We return to the subject of ignorance, which Brzezinski lists as one of America’s six “key vulnerabilities” in his book alongside “mounting debt’, a “flawed financial system”, “decaying national infrastructure”, “widening income inequality”, and “increasingly gridlocked politics”. He contrasts the level of knowledge of Chinese policymakers with that of their American counterparts. Having befriended Deng Xiaoping, China’s former leader, who led the country out of its long dark Maoist night, Brzezinski is an unabashed admirer of China’s diplomatic skills. He even had Deng round to his DC home for dinner. The diminutive Chinese leader was amused when Brzezinski served him from a bottle of Russian vodka he had been given for Christmas by the Soviet ambassador.

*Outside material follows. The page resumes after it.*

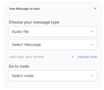 - Audio File: In the text field, type a new message to be played to the customer or click + Upload New to upload an audio file (.mp3 or .wav format) with the message to be played.

“The Chinese are really good at diplomacy – and even at making their interlocutors feel very uncomfortable,” Brzezinski says. “Sometimes they look at you while you’re making a point and they start laughing. And you’re saying to yourself, ‘Am I really a fool? What am I saying that’s so ridiculous?’ I very early on realised that their negotiating technique is a form of masterful manipulation. I was also struck by how well informed the top Chinese leaders are about the world,” he says. “And then you watch one of our Republican presidential debates … ” Brzezinski does not feel it necessary to complete the sentence but he later adds: “The GOP field is just embarrassing.”
I push him further on Obama. Shortly before our lunch, the president returned from Australia where he announced plans to deploy 2,500 Marines there to shore up alliances in Asia. This is exactly the kind of move that baffles Brzezinski. What’s wrong, I ask, with Obama’s so-called pivot to Asia? Doesn’t it make sense to wind down the wars in Iraq and Afghanistan and shift attention to the rising east?
When Brzezinski feels strongly, he barely pauses between paragraphs. “I was not aware that Australia was about to be invaded by Papua New Guinea, or by Indonesia,” he replies. “I assume most people think Obama was thinking of China. What’s worse is that the Chinese will think he’s thinking of China and to define our engagements in the east in terms of China is a mistake. We have to focus on Asia but not in a manner that plays on everyone’s anxieties … It becomes very easy to demonise China and they will then demonise us in return. Is that what we want?”